◆ **Exercise objective**
From top to bottom, retype the data exactly, passing over any picture.

◆ **Given material**
● ● ●

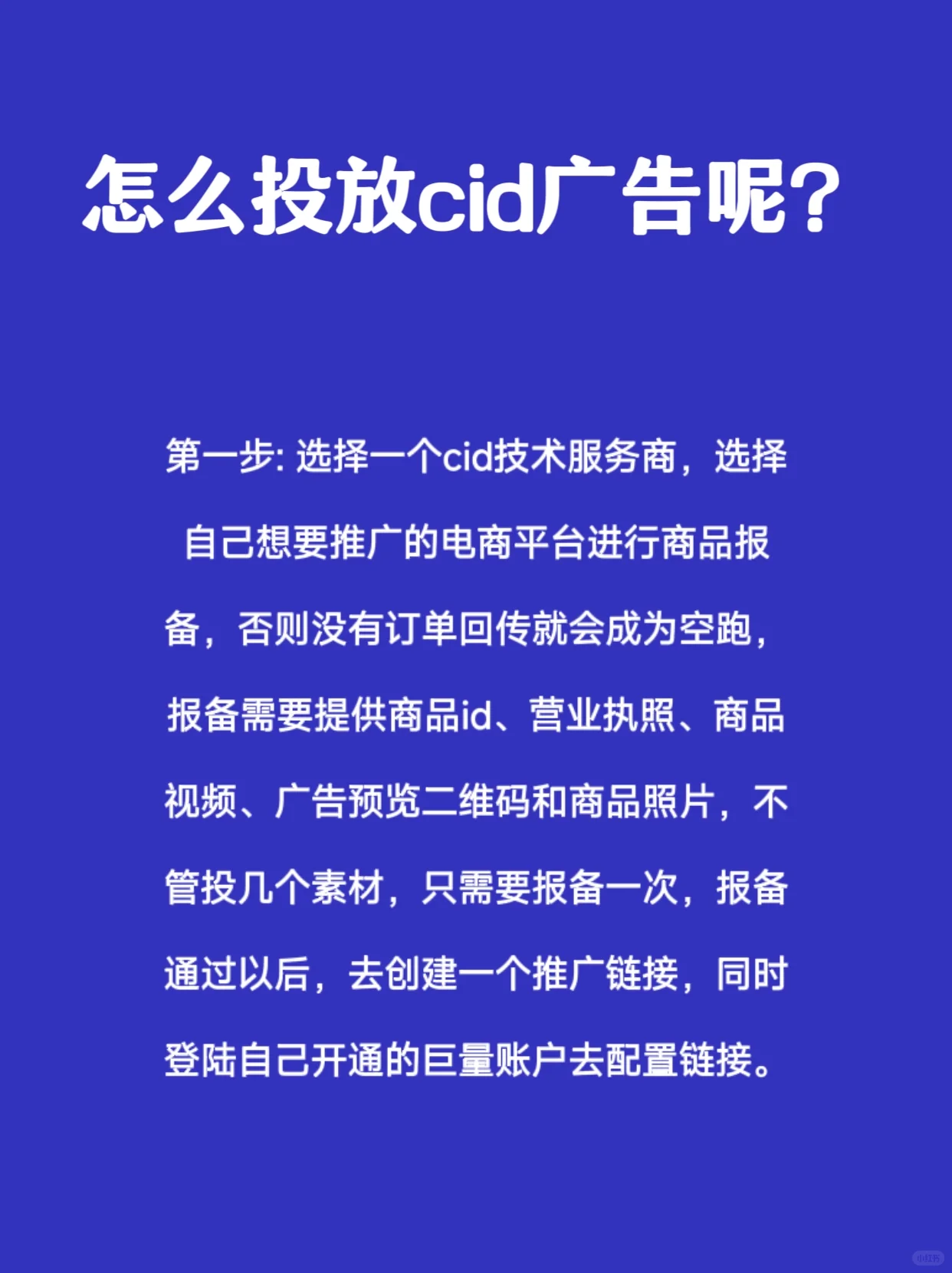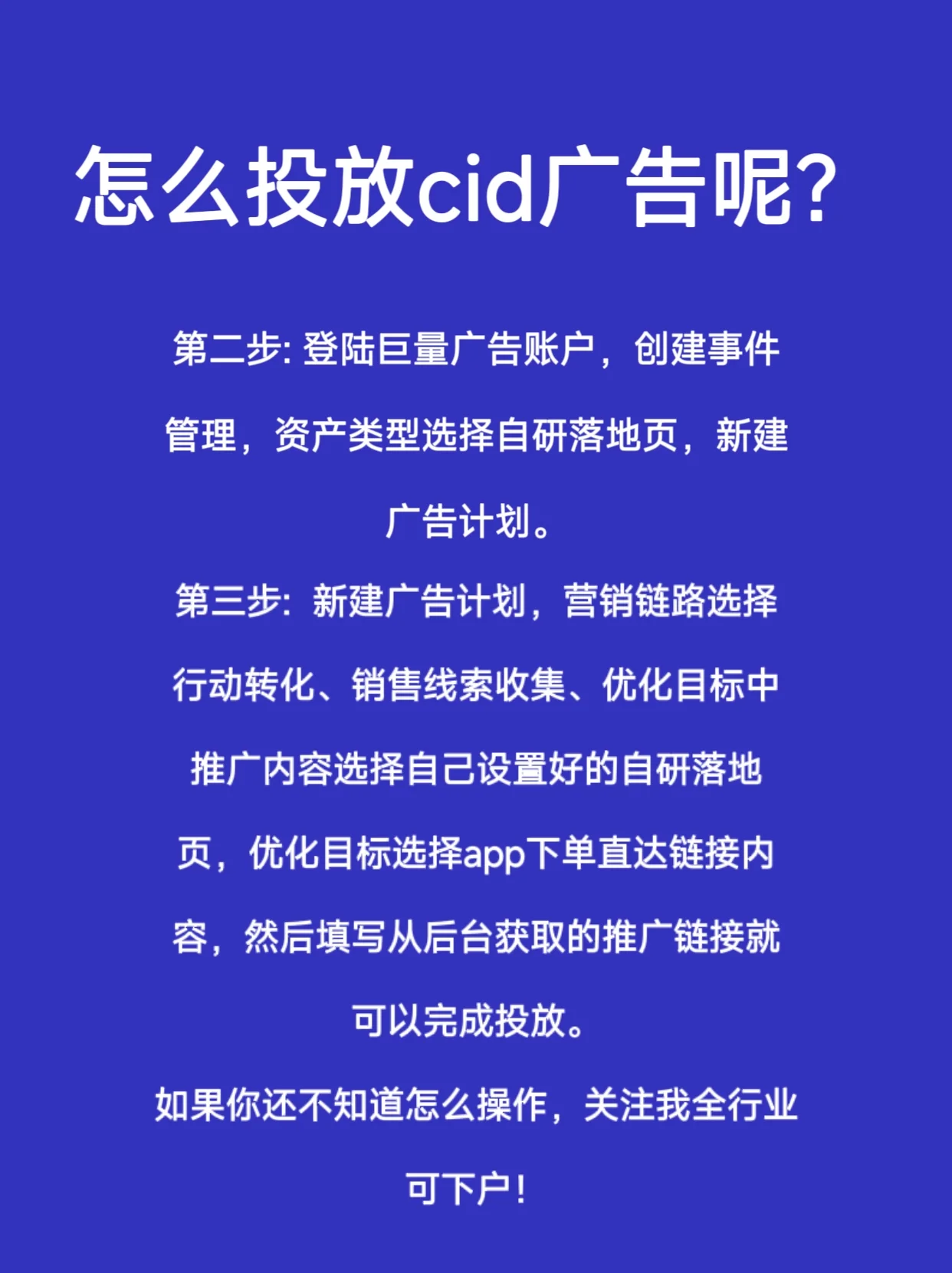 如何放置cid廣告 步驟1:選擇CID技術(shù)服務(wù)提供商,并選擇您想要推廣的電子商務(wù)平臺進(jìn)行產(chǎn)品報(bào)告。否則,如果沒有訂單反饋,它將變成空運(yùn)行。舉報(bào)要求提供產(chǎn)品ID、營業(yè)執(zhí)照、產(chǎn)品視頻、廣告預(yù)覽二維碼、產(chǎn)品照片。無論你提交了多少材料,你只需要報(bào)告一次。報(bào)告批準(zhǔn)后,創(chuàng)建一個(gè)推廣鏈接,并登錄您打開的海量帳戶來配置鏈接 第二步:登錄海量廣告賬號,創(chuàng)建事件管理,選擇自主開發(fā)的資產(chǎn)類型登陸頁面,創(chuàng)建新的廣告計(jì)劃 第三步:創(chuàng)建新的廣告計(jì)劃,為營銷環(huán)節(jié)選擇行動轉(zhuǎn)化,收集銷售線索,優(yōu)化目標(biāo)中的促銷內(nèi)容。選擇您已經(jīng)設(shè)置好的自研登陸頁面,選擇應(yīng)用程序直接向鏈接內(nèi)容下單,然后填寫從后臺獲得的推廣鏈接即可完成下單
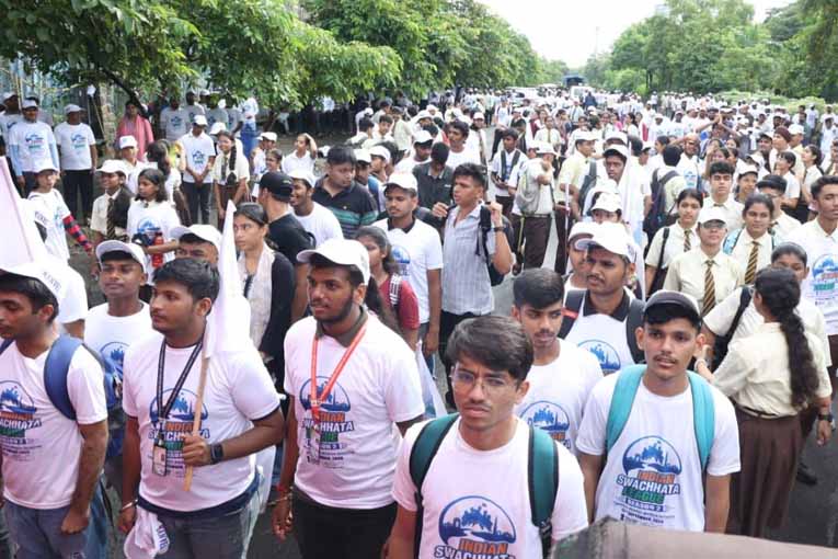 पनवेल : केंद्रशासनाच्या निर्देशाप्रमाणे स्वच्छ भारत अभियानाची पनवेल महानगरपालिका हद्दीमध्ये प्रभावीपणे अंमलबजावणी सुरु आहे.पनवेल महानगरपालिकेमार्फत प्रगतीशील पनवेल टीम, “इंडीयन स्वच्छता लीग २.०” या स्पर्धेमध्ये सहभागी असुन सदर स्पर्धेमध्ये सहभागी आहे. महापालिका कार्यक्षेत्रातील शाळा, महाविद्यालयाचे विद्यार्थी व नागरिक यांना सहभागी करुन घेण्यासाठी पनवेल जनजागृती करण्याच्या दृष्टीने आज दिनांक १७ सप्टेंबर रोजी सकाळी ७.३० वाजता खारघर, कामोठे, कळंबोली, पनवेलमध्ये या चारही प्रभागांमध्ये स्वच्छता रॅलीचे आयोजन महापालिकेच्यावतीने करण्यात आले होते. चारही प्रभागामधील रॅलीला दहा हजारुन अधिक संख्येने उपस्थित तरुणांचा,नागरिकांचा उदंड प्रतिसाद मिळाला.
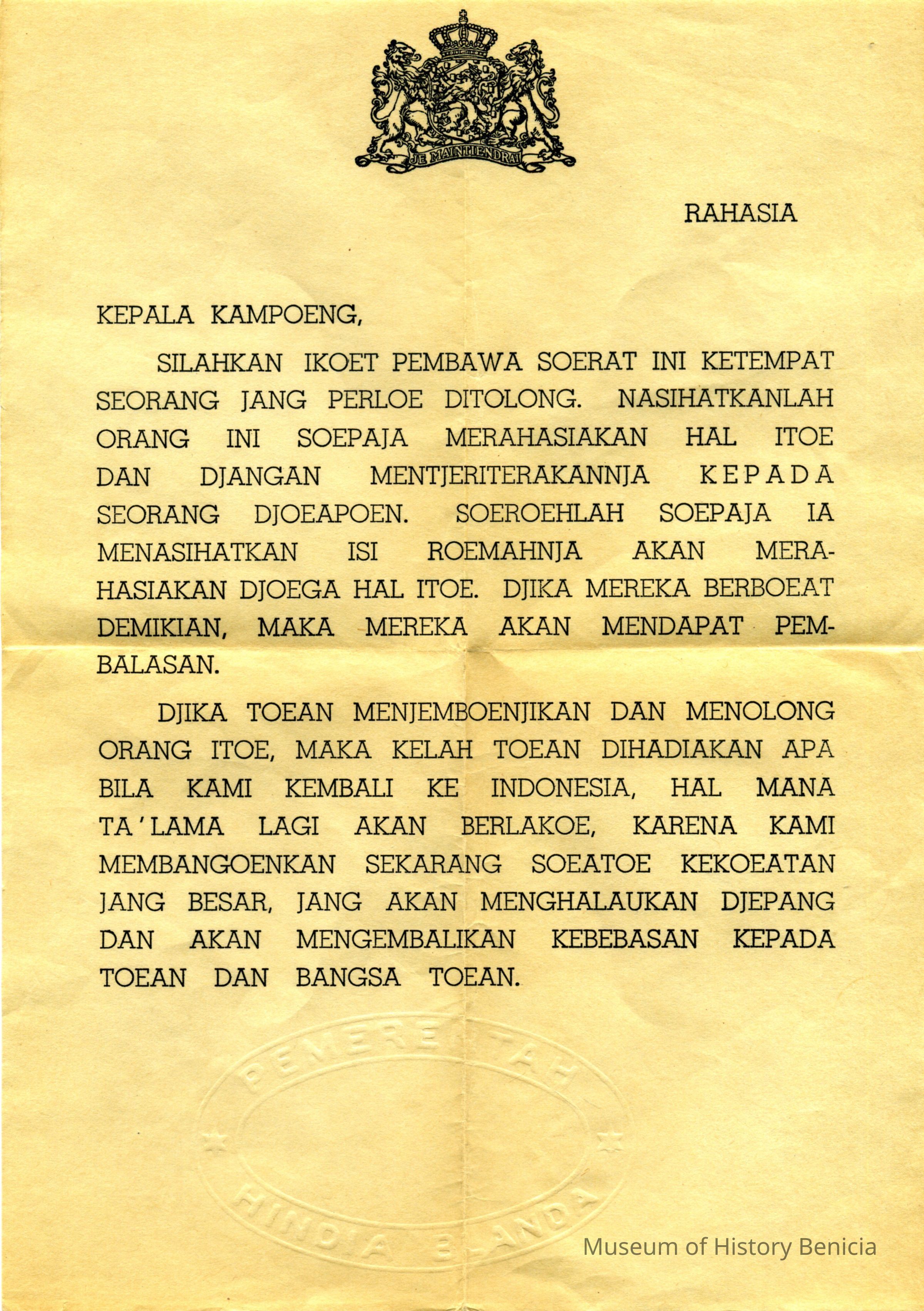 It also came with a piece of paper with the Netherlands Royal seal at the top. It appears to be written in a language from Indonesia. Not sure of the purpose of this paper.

● ● ●

◆ **Response to this task**
 如何放置cid廣告 步驟1:選擇CID技術(shù)服務(wù)提供商,并選擇您想要推廣的電子商務(wù)平臺進(jìn)行產(chǎn)品報(bào)告。否則,如果沒有訂單反饋,它將變成空運(yùn)行。舉報(bào)要求提供產(chǎn)品ID、營業(yè)執(zhí)照、產(chǎn)品視頻、廣告預(yù)覽二維碼、產(chǎn)品照片。無論你提交了多少材料,你只需要報(bào)告一次。報(bào)告批準(zhǔn)后,創(chuàng)建一個(gè)推廣鏈接,并登錄您打開的海量帳戶來配置鏈接 第二步:登錄海量廣告賬號,創(chuàng)建事件管理,選擇自主開發(fā)的資產(chǎn)類型登陸頁面,創(chuàng)建新的廣告計(jì)劃 第三步:創(chuàng)建新的廣告計(jì)劃,為營銷環(huán)節(jié)選擇行動轉(zhuǎn)化,收集銷售線索,優(yōu)化目標(biāo)中的促銷內(nèi)容。選擇您已經(jīng)設(shè)置好的自研登陸頁面,選擇應(yīng)用程序直接向鏈接內(nèi)容下單,然后填寫從后臺獲得的推廣鏈接即可完成下單
 पनवेल : केंद्रशासनाच्या निर्देशाप्रमाणे स्वच्छ भारत अभियानाची पनवेल महानगरपालिका हद्दीमध्ये प्रभावीपणे अंमलबजावणी सुरु आहे.पनवेल महानगरपालिकेमार्फत प्रगतीशील पनवेल टीम, “इंडीयन स्वच्छता लीग २.०” या स्पर्धेमध्ये सहभागी असुन सदर स्पर्धेमध्ये सहभागी आहे. महापालिका कार्यक्षेत्रातील शाळा, महाविद्यालयाचे विद्यार्थी व नागरिक यांना सहभागी करुन घेण्यासाठी पनवेल जनजागृती करण्याच्या दृष्टीने आज दिनांक १७ सप्टेंबर रोजी सकाळी ७.३० वाजता खारघर, कामोठे, कळंबोली, पनवेलमध्ये या चारही प्रभागांमध्ये स्वच्छता रॅलीचे आयोजन महापालिकेच्यावतीने करण्यात आले होते. चारही प्रभागामधील रॅलीला दहा हजारुन अधिक संख्येने उपस्थित तरुणांचा,नागरिकांचा उदंड प्रतिसाद मिळाला.
 It also came with a piece of paper with the Netherlands Royal seal at the top. It appears to be written in a language from Indonesia. Not sure of the purpose of this paper.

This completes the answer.